I have 3 RDDs that I need to join.
val event1001RDD: schemaRDD = [eventtype,id,location,date1]
[1001,4929102,LOC01,2015-01-20 10:44:39]
[1001,4929103,LOC02,2015-01-20 10:44:39]
[1001,4929104,LOC03,2015-01-20 10:44:39]
val event2009RDD: schemaRDD = [eventtype,id,celltype,date1] (not grouped by id since I need 4 dates from this depending on celltype)
[2009,4929101,R01,2015-01-20 20:44:39]
[2009,4929102,R02,2015-01-20 14:00:00] (RPM)
[2009,4929102,P01,2015-01-20 12:00:00] (PPM)
[2009,4929102,R03,2015-01-20 15:00:00] (RPM)
[2009,4929102,C01,2015-01-20 13:00:00] (RPM)
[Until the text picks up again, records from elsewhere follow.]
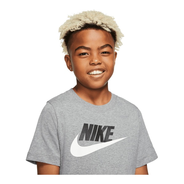 The classic Nike Sportswear Boys' Futura Icon T Shirt sports the brand's iconic logo. Made for comfort in breathable cotton, it's an everyday essential. This Nike tee helps keep kids comfortable, whatever their activity.
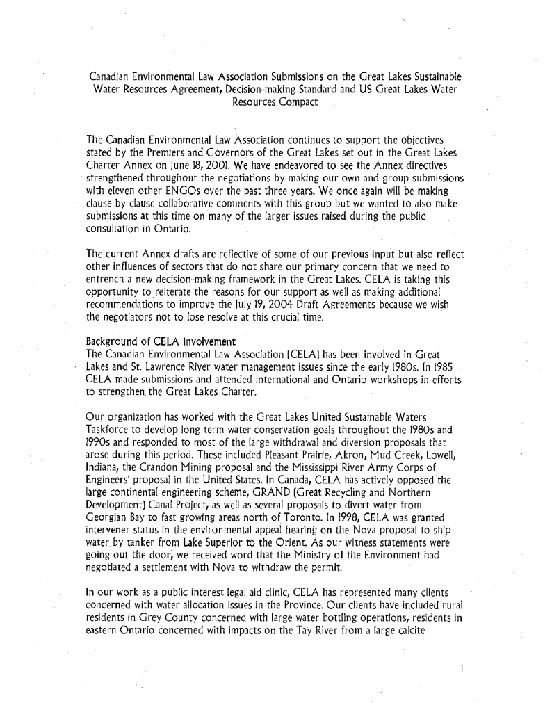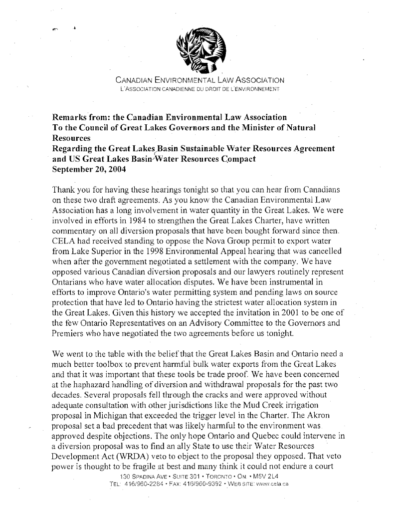Remarks from Canadian Environmental Law Association regarding the Great Lakes Basin sustainable water resources
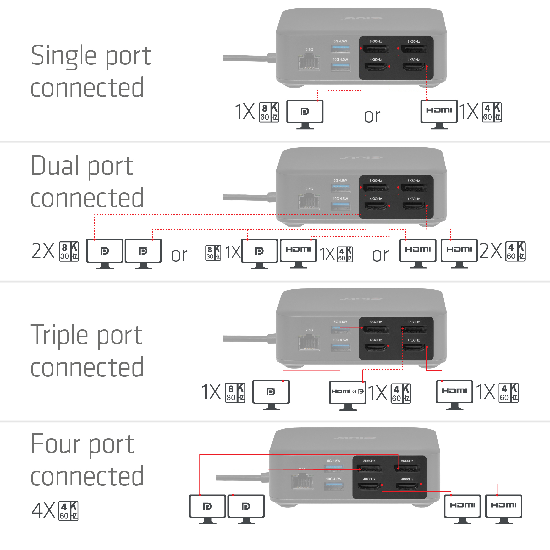 CLUB3D CSV-2542 12-1 USB-C® Quad DisplayLink Dockingstation 2x DisplayPort™ 8K60Hz + 2x HDMI™ 4K60Hz PD3.0 100Watt Ethernet 2.5G, Docking, USB 3.2 Gen 2 (3.1 Gen 2) Type-C, 100 W, 3,5 mm, 10,100,1000,2500 Mbit/s, Zwart
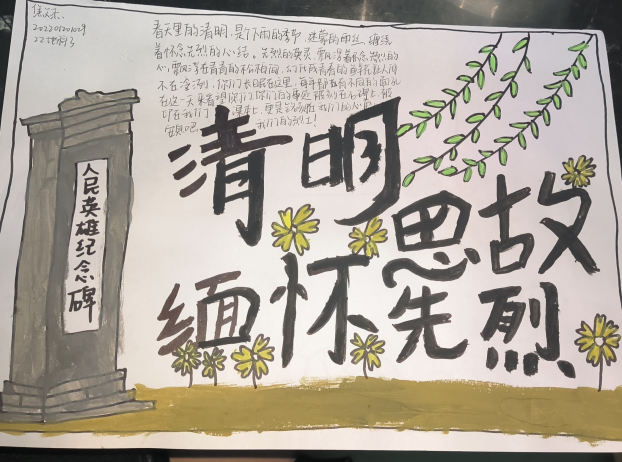 此次活动形式多样,同学们可以通过手抄报或绘画制作,征文写作,书信传情,诗歌创作,视频制作等形式参加活动。多样的活动形式同时也提高了同学们参加此次活动的热情。同学们绘制清明主题手抄报,撰写文章,充分表达了大家对先辈的思念和崇敬,也充分体现出同学们对英雄先烈的敬仰之情。
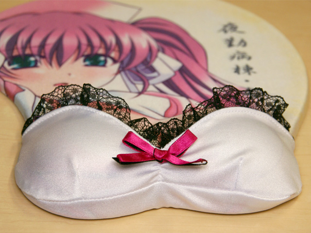 まあ、おっぱいマウスパッドって、使っていると谷間の部分が黒くなってきちゃったりしちゃうので、このブラジャーである程度そういった汚れを防ぐという効果もあるかな?w

[2009,4929103,R01,2015-01-20 14:44:39]
[2009,4929105,R01,2015-01-20 12:44:39]
[2009,4929105,V01,2015-01-20 11:44:39]
[2009,4929106,R01,2015-01-20 13:44:39]
val cellLookupRDD: [celltype, cellname] (cellname has 4 values)
[R01,RPM]
[R02,RPM]
[R03,RPM]
[C01,RPM]
[P01,PPM]
[V01,PPM]
Expected result: [id,1001's location,1001's date1,2009's first RPM date,2009's last RPM date, 2009's first PPM date,2009's last PPM date]
4929101,NULL,NULL,2015-01-20 20:44:39,NULL,NULL,NULL
4929102,LOC01,2015-01-20 10:44:39,2015-01-20 13:00:00,2015-01-20 15:00:00,2015-01-20 12:00:00,NULL
4929103,LOC02,2015-01-20 10:44:39,2015-01-20 14:44:39,NULL,NULL,NULL
4929104,LOC03,2015-01-20 10:44:39,NULL,NULL,NULL,NULL
4929105,NULL,NULL,2015-01-20 12:44:39,NULL,2015-01-20 11:44:39,NULL
4929106,NULL,NULL,2015-01-20 13:44:39,NULL,NULL,NULL
This is my current query (where I am also indicating an optional eventtype as the first column; but in my previous event2009RDD, I am selecting a min and max date which is wrong since I need the four dates determined via cellLookupRDD - RPM and PPM):
select if(event1001Table.eventtype is not null, event1001Table.eventtype,
event2009Table.eventtype),
if(event1001Table.id is not null, event1001Table.id,
event2009Table.id),
event1001Table.date1, event2009Table.minDate, event2009Table.maxDate
from event1001Table full outer join event2009Table
on event1001Table.id=event2009Table.id")
EDITED to show result after applying answer:
" min(if(l.cn = 'RPM' or l.cn = 'RPM2', r.date1, 'NULL')) as rpmmn, " +
" max(if(l.cn = 'RPM' or l.cn = 'RPM2', r.date1, 'NULL')) as rpmmx, " +
" min(if(l.cn = 'PPM' or l.cn = 'PPM2', r.date1, 'NULL')) as ppmmn, " +
" max(if(l.cn = 'PPM' or l.cn = 'PPM2', r.date1, 'NULL')) as ppmmx " +
[2009,4929102,R01,2015-01-20 13:00:00] min_rpm
[2009,4929102,C01,2015-01-20 14:00:00] max_rpm
---res: [2009,4929102,NULL,NULL,2015-01-20 13:00:00,2015-01-20 14:00:00]
--- CORRECT
[2009,4929102,R01,2015-01-20 13:00:00] min_rpm
[2009,4929102,P01,2015-01-20 14:00:00] min_ppm
---res: [2009,4929102,2015-01-20 13:00:00,NULL,2015-01-20 14:00:00,NULL]
--- INCORRECT (max should be equal to MIN although NULL is preferred if possible but I could just check in the code later on if min=max)
[2009,4929102,R01,2015-01-20 13:00:00] min_rpm
[2009,4929102,C01,2015-01-20 14:00:00] max_rpm
[2009,4929102,P01,2015-01-20 09:00:00] min_ppm
---res: [2009,4929102,2015-01-20 13:00:00,NULL,2015-01-20 09:00:00,NULL]
--- INCORRECT (max is not working)
Lets work it step by step. Lets first construct the 2009 part
event2009RDD.registerTempTable("base2009")
cellLookupRDD.registerTempTable("lookup")
trns2009 = ssc.sql("select eventtype, id, \
min(case when l.cn = 'RPM' then r.date1 else null end) rpmmn, \
max(case when l.cn = 'RPM' then r.date1 else null end) rpmmx, \
min(case when l.cn = 'PPM' then r.date1 else null end) ppmmn, \
max(case when l.cn = 'PPM' then r.date1 else null end) ppmmx, \
from base2009 r inner join lookup l on r.celltype=l.celltype \
group by eventtype,id "
trns2009 .registerTempTable("transformed2009")
Now you can do a full outer join with 1001 data set and get output.
Note: you should not have
4929101,NULL,NULL,2015-01-20 20:44:39,NULL,NULL,NULL
instead, you should have
4929101,NULL,NULL,2015-01-20 20:44:39,2015-01-20 20:44:39,NULL,NULL
Because, if 2009 event have occurred once, then it should have both first and last date. NULL should represent an event never occurred, like for id=4929101, celltype=PPM.
Please let me know if this works (or not). I do not have access to spark right this moment, but should be able to debug, if needed, tonight.
这篇关于星火:集团RDD SQL查询的文章就介绍到这了,希望我们推荐的答案对大家有所帮助,也希望大家多多支持IT屋!